## PROBLEM TO WORK ON
Below are records with pictures. Reproduce exactly the lines from the line with "陈楚生希望在每场巡演中能带来" to the line with "2022年縫制機(jī)械第", inclusive, and leave each picture out.
########
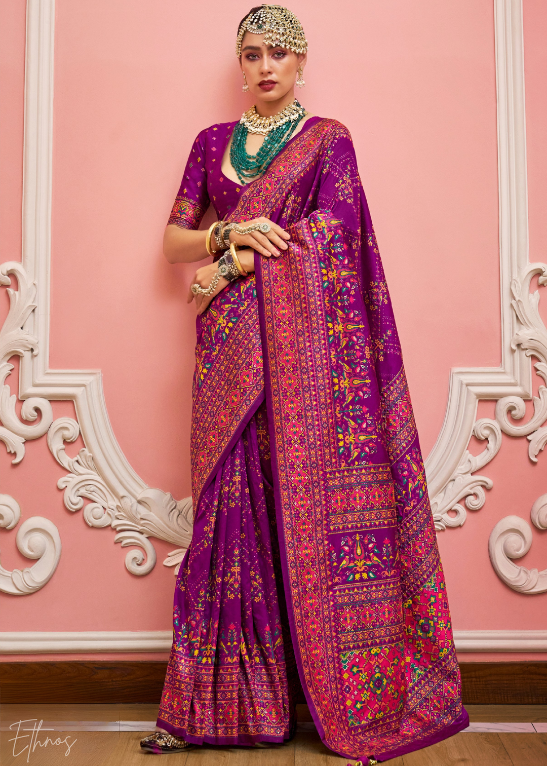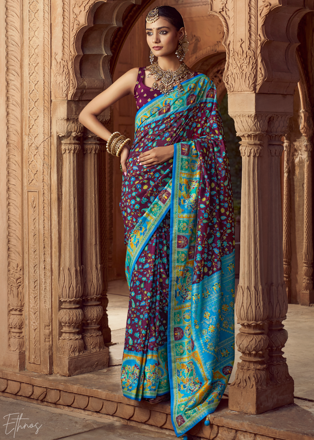 Magenta Kashmiri Silk Saree
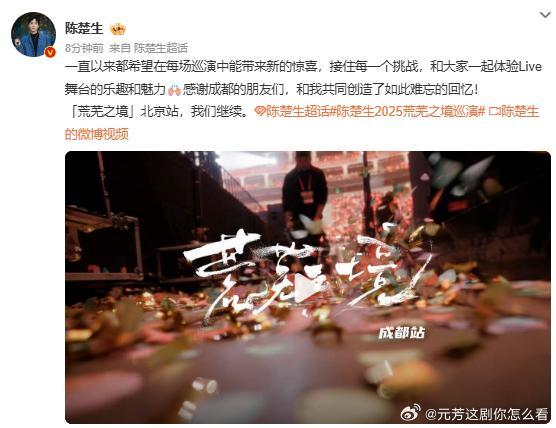 陈楚生希望在每场巡演中能带来新的惊喜陈楚生感谢成都的朋友们陈楚生巡演坚持每场焕新!成都站携弦乐、摇滚多元歌单,虚拟与现实交织的现场,致谢歌迷一路同行。
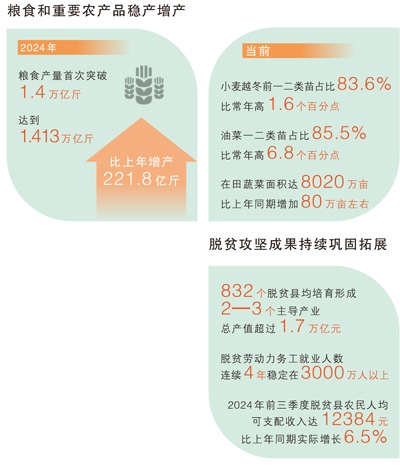 2024年,我國(guó)糧食和重要農(nóng)產(chǎn)品實(shí)現(xiàn)穩(wěn)產(chǎn)增產(chǎn)。
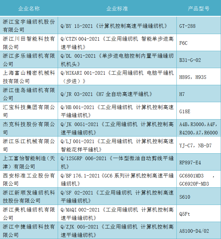 2022年縫制機(jī)械第一批企業(yè)標(biāo)準(zhǔn)“領(lǐng)跑者”榜單發(fā)布
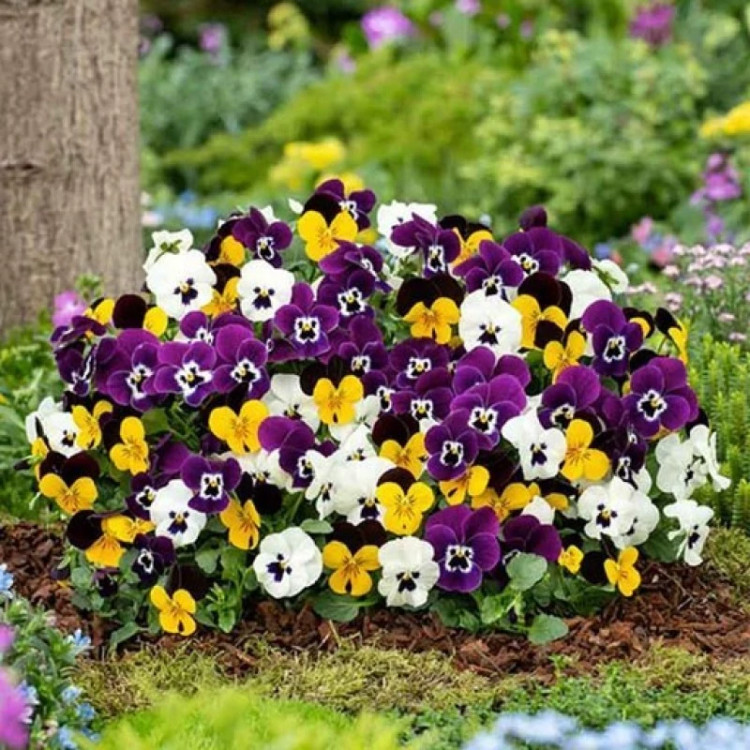 گل بنفشه گل درشت الوان یکی از محبوب ترین گل های فصلی زینتی در سراسر دنیا و ایران است که به دلیل گل های درشت و مخلوط رنگارنگ، ماندگاری نسبی بالا، قدرت سازگاری با اقلیم های مختلف و گل دهی طولانی مورد توجه طراحان فضای سبز و باغچه های خانگی قرار دارد. این واریته با تنوع رنگ چشمگیر، شامل ترکیبی از بنفش، زرد، سفید، صورتی، آبی، قرمز و حتی نمونه های دولبه یا سه رنگ، جلوه ای بی نظیر به فضای سبز می بخشد. گل های درشت این گروه قطر تقریبی 6 تا 10 سانتی متر دارند و در طول پاییز، زمستان (در مناطق گرم) و بهار تا اوایل تابستان، بستری رنگارنگ برای باغچه، گلدان، تراس و فضاهای شهری ایجاد می کنند. این گونه اغلب به صورت یک ساله یا دو ساله کشت می شود و به واسطه سازگاری خوب با سرما، برای کاشت پاییزه بسیار مناسب است. بوته های گل بنفشه نسبتاً کوتاه بوده و رشد آرام دارند، اما قدرت گلدهی فراوان نشان می دهند. مراقبت و کشت آسان، رشد نسبتاً سریع، مقاومت به هوای خنک، و عمر طولانی گل ها در آب و هوای معتدل مهم ترین ویژگی های این گروه به شمار می رود. مشخصات ظاهری گل بنفشه گل درشت الوان بوته گل بنفشه گل درشت الوان دارای ساقه های کوتاه، ضخیم و نسبتاً منشعب است که معمولاً ارتفاعی در بازه 15 تا 25 سانتی متر و قطر یا گسترش حدود 20 تا 30 سانتی متر دارند. برگ ها تخم مرغی تا مستطیلی، با لبه کمی دندانه دار و سبز تیره هستند که سطح بوته را یکدست و متراکم می پوشانند. شاخساره های جانبی قوی باعث افزایش تراکم و حجم بوته می شوند. سیستم ریشه کوتاه اما گسترده است که باعث استقرار مناسب بوته حتی در خاک های سطحی و گلدانی می شود. گل ها بزرگ، گرد و پهن و معمولاً با پنج گلبرگ مخملی ضخیم دیده می شوند. رنگ گل ها بسیار متنوع است: ترکیبی از بنفش، زرد، سفید، آبی، صورتی، قرمز، نارنجی و نمونه های دولبه یا سه رنگ با نقش و نگارهای خاص (مانند لکه تیره در مرکز گل که به چشم بنفشه معروف است). قطر هر گل معمولاً 6 تا 10 سانتی متر بوده و به واسطه بافت مخملی و درخشش خاص گلبرگ ها، جلوه ای ویژه دارد. هر بوته غالباً همزمان چند گل باز دارد و جریان گل دهی تا مدت ها ادامه می یابد.
########
## SOLUTION BELOW
 陈楚生希望在每场巡演中能带来新的惊喜陈楚生感谢成都的朋友们陈楚生巡演坚持每场焕新!成都站携弦乐、摇滚多元歌单,虚拟与现实交织的现场,致谢歌迷一路同行。
 2024年,我國(guó)糧食和重要農(nóng)產(chǎn)品實(shí)現(xiàn)穩(wěn)產(chǎn)增產(chǎn)。
 2022年縫制機(jī)械第一批企業(yè)標(biāo)準(zhǔn)“領(lǐng)跑者”榜單發(fā)布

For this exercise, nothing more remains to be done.